Having made over 10 million since its 2006 West End debut with the highest advance sales in history, there’s no denying the popularity of Eleanor Bergstein’s classic coming-of-age tale, yet there’s frustration that it doesn't adapt the familiar fable for the stage rather than a scene-for-scene transfer of the movie, regardless of whether it works theatrically.
Dirty Dancing – The Classic Story on Stage does what it says on the tin. It puts the film in front of your eyes, hampering it to perform as well as its celluloid counterpart, with Federico Bellone’s directing feeling lazy and unimaginative.
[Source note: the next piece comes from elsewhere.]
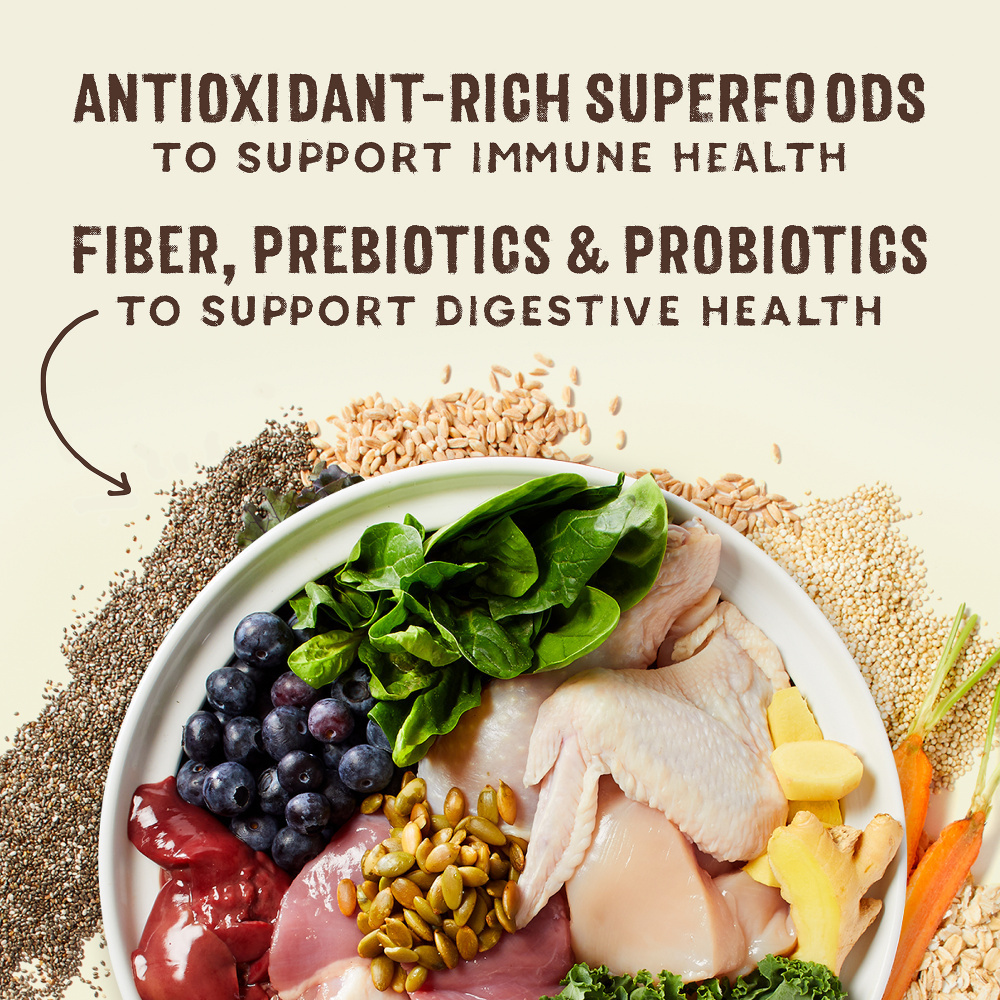 Crafted with your pets health in mind SuperBlends come in four irresistible recipes in your choice of Raw Coated or Raw Blend formulas that are sure to satisfy even the pickiest eaters.CageFree Chicken & Duck Recipe.WildCaught Whitefish & Salmon Recipe.GrassFed Beef Beef Liver & Lamb Recipe.Puppy CageFree Chicken & WildCaught Salmon Recipe.Each recipe is rawcoated and superfoodpowered giving your dog the maximum flavor and nutrition in every bite. Our smallbatch ovenbaking process helps preserve all the nutrients your dog needs to stay healthy and strong. All of our SuperBlends recipes are complete and balanced meals giving your dog everything they need in one bag. Our Raw Blend recipes even have pieces of freezedried raw meat mixed right in for an extra protein boost. SuperBlends are made with a unique blend of responsibly sourced proteins to support strong, healthy muscles. Meats, poultry, and fish in our SuperBlends recipes are raised without added hormones or antibiotics. Additionally, all of our SuperBlends recipes contain a variety of superfoods, including oatmeal, flaxseed, quinoa, organic blueberries, organic broccoli, organic beets, organic carrots, organic spinach, organic squash, organic cranberries, chia seed, pumpkin seeds, salmon oil, chicory root, kale, pumpkin, ginger, turmeric, dried kelp, and New Zealand green mussel. Superfood-Powered Kibble: Raw-coated, nutrient-packed, and crafted with a unique blend of responsibly sourced proteins, grains, and superfoods, SuperBlends help your dog thrive. Delicious Taste, Guaranteed: Made with bone broth and raw-coated for maximum flavor, SuperBlends offer an irresistible taste that your pup is sure to love. Plus, all of our recipes are complete and balanced meals, giving your dog everything they need in one bag. Small-Batch, Nutrient-Rich: Our SuperBlends recipes are oven-baked in small batches, helping preserve all the nutrients your pup needs to stay healthy and strong. Quality Ingredients: SuperBlends feature meats, poultry, and fish raised without added hormones or antibiotics, along with wholesome grains like oatmeal and quinoa and a plethora of superfoods to provide your dog with a range of vitamins and nutrients for optimal health.

There’s a missed opportunity to branch out and showcase more of the underlying socio-political backdrop to the original, which infringes on feminism, abortion and the rigid class divide of 1960s America which was gearing up for generational revolution – and the hampered, additional campfire scene should be wiped out. Most of the characters are cookie cutter variations on clichés or characterisations from the film, however Carlie Milner’s Penny adds a bit of clout despite the little room given to her story.
But regardless of the faults at its heart, it’s not stopping the crowds clambering in and their reward is a talented, energetic cast headed by Lewis Griffiths and Katie Eccles who manage electric on-stage chemistry amidst Gillian Bruce’s fluid and thrilling choreography.
Eccles may be slight, but she has a powerful comic heart and great physicality in her journey from sheltered virgin to confident young woman, albeit never quite mastering the sensuality of the moves. This juxtaposes well with Lewis Griffiths’ Johnny – a strutting peacock of attitude that ebbs away as his guard is dropped in a charismatic performance (and admirable coping with the inevitable whoops!).
Michael Kent’s Billy and Sophia Mackay’s Elizabeth belt out the live tunes when it’s required (there’s no logic, just go with it) with a sound that peaks and troughs in success, and filler moments in the drawn-out second act are awkward, like some half-hearted audience participation in Kellerman’s rainy-day games, by this point everyone just wanting to see that signature lift, which is a pay-off, with Griffiths able to sustain the moment for the hungry eyed audience to enjoy.
This isn’t a clever, groundbreaking or hugely inspiring production, in fact it’s severely flawed, yet it remains highly entertaining – it just wants you to have the time of your life and escape reality for a few hours. So, go shake your maracas.
At the Edinburgh Playhouse until 17 June, then Glasgow King’s Theatre, 19 – 24 June.